Headquartered in Clearwater, Florida, Vogue’s branded products include the OGX collection of shampoos, conditioners, styling and treatment, and body and bath items, the FX hair styling line, Proganix hair care, and the Maui Moisture beauty line.

Vogue’s products are distributed to retailers through food, drug, and mass channels in the US and internationally, in 38 foreign countries. “We are constantly recreating the company so we are always offering innovative products to a very savvy consumer,” said Christopher.

Christopher founded Vogue International in 1987, after working for his uncle’s hair salon. He invented hair treatment capsules under the Pro-Vitamin brand, which he and his wife sold out of their car, according to Smart Business Magazine.

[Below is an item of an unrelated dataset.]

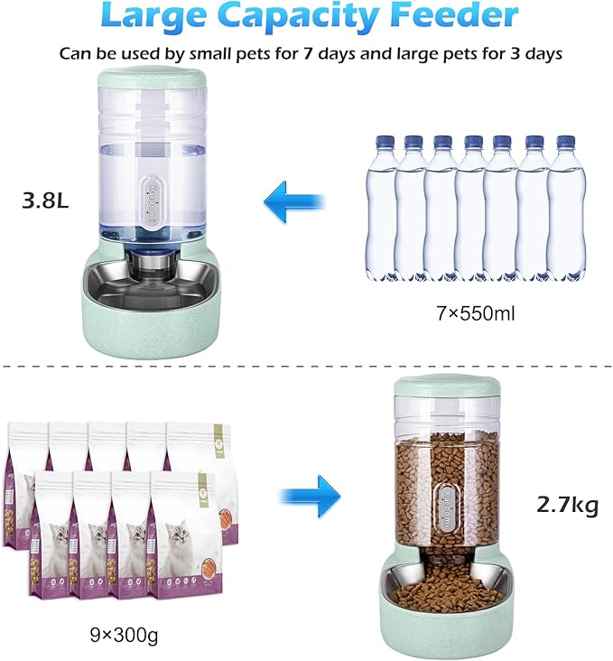 Automatic Cat Feeder and Water Dispenser with Stainless Steel Bowl Gravity Food Feeder and Waterer Set for Small Medium Dog Puppy Kitten 1 Gallon x 2(Green)

Vogue International has grown to become one of the largest privately owned hair care and beauty companies in the US, with its OGX brand consistently ranking as one of the top 10-premium hair care brands, SBN says. In 2014 Christopher received the EY Entrepreneur of the Year Award under the Retail & Consumer Products category in Florida. A significant factor in the company’s success is its colorful packaging and presentation.

Vogue’s main brand is OGX, with its styling brand FX Effects accounting for less than 5% of revenue, according to Moody’s. Vogue has a good market position in a niche segment of the hair care category, it experienced recent significant market share gains, and positive projected free cash flow during the past few years, Moody’s commented in connection with its February 2015 ratings.

While the company has good insight into consumer preferences for shampoos and conditioners, and is benefiting from significant distribution gains in recent years, Vogue is also heavily reliant on its founder, which creates succession risk, Moody’s noted. It further added that Vogue’s small scale relative to much larger competitors, its product and customer concentration, and its moderately high financial leverage, subject the company to potential earnings volatility.

In December 2012, Vogue re-formulated OGX shampoos and body washes to remove Cocamide DEA from all products. In August 2013, Vogue paid $6.5 million to settle a false advertising class action filed in November 2012, accusing it of falsely labeling its Organix skin and hair care products as organic. It then rebranded the product as OGX.

After 2014, the company phased out the allergen Hydroxyisohexyl 3-cyclohexene carboxaldehyde (HICC, commonly known as Lyral) from all OGX products. It also made a commitment to eliminate the use of the colorants Red 17 (CI 26100) and Yellow 11 (CI 47000) by the end of 2015, and to eliminate the use of the preservative Methylisothiazolinone from its products, by 2017.